The role of graph theory in big data analytics
No Thumbnail Available
Date
2019
Authors
Mashia, Kellen
Journal Title
Journal ISSN
Volume Title
Publisher
Abstract
Subgraph isomorphism detection is a computationally expensive problem which determines
if there exists a subgraph Gs = (Vs, Es) in a large graph (called the data graph) denoted by
G = (VG, EG); which matches some other given smaller graph Q = (VQ, EQ) (called the pattern
graph). According to J. R. Ullmann in [19], the subgraph isomorphism problem can be solved
through a brute-force enumeration procedure. In this dissertation we extensively study the
Ullmann algorithm for subgraph isomorphism detection along with some of the improvements
developed in [3]; and then we shall discuss the performance of the algorithm by conducting a
simulation analysis for distinct, randomly generated undirected graphs. The algorithm is theoretically
compared with the one proposed by L. P. Cordella in [6]. However, we only carried out
an efficiency analysis on the Ullmann algorithm due to lack of large sets of experimental data.

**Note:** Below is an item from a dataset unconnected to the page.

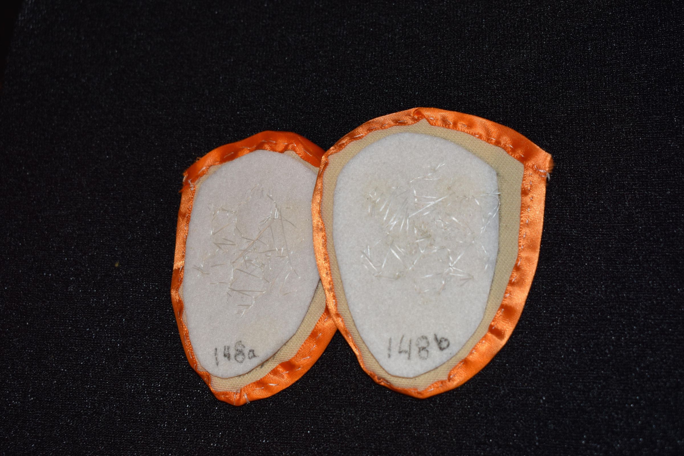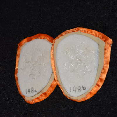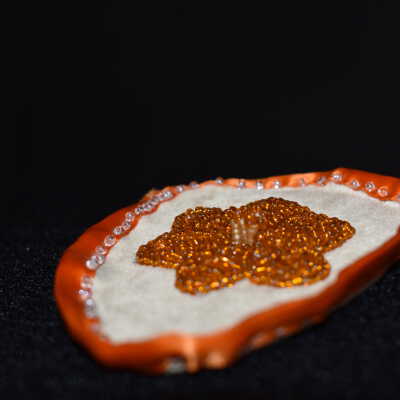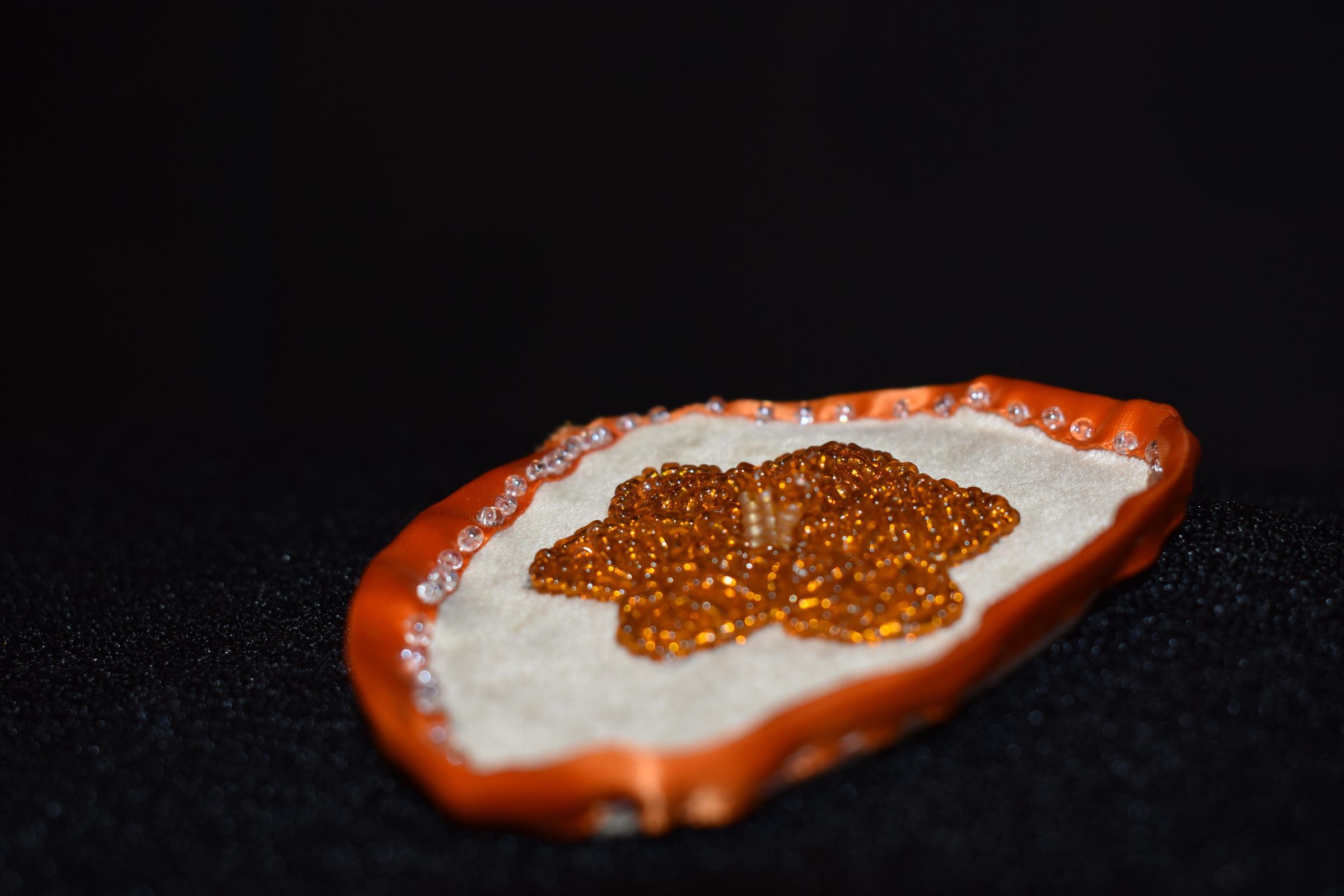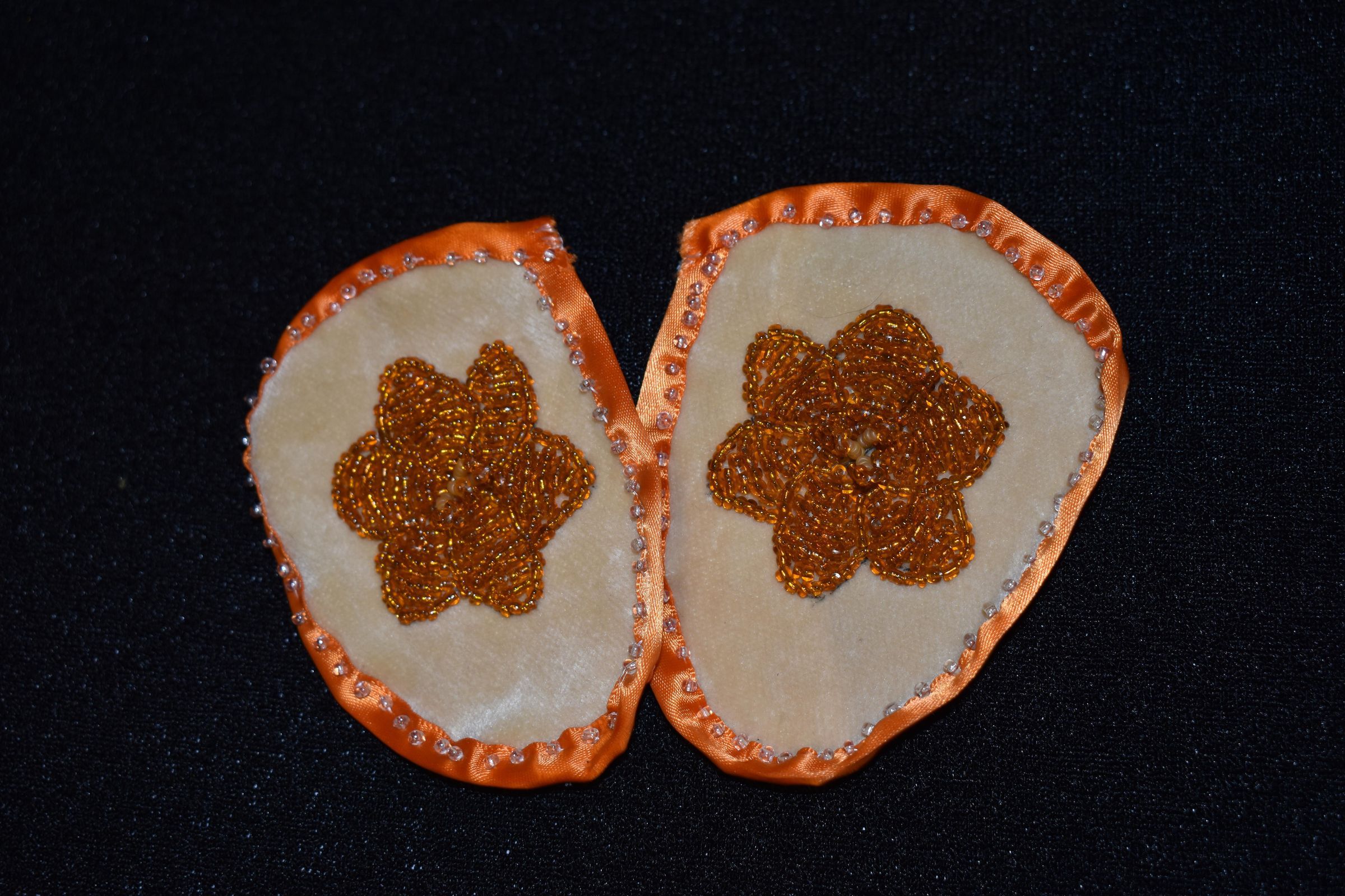 Orange and clear glass seed beads on pellon and velveteen, ribbon edging.Cataloged By

Much work has been done in this field, however, it still stands to be an open question in computer
science to improve the execution run-time of the algorithm. In future research, we intend
to revisit the graph and subgraph isomorphism detection problems as a possible PhD research
in Computer Science. In chapter one we introduced preliminary definitions which may be of
great help in understanding the main work in chapter two. In chapter two we study in detail
the Ullmann algorithm for the subgraph isomorphism problem which we then implement on
several examples to examine the execution run-time of the algorithm. The purpose of chapter
three is to introduce another useful algorithm for subgraph isomorphism detection, called the
VF2. In this chapter we study in detail the VF2 algorithm for subgraph isomorphism detection.
In chapter four we give a detailed simulation analysis by implementing the Ullmann algorithm
on one large data graph G = (VG, EG) of order 30 and size 30, along with 15 randomly generated
undirected graphs Q = (VQ, EQ). In this chapter we examine the algorithms efficiency by
applying it on all 15 random graphs to search for isomorphic subgraphs in the large data graph.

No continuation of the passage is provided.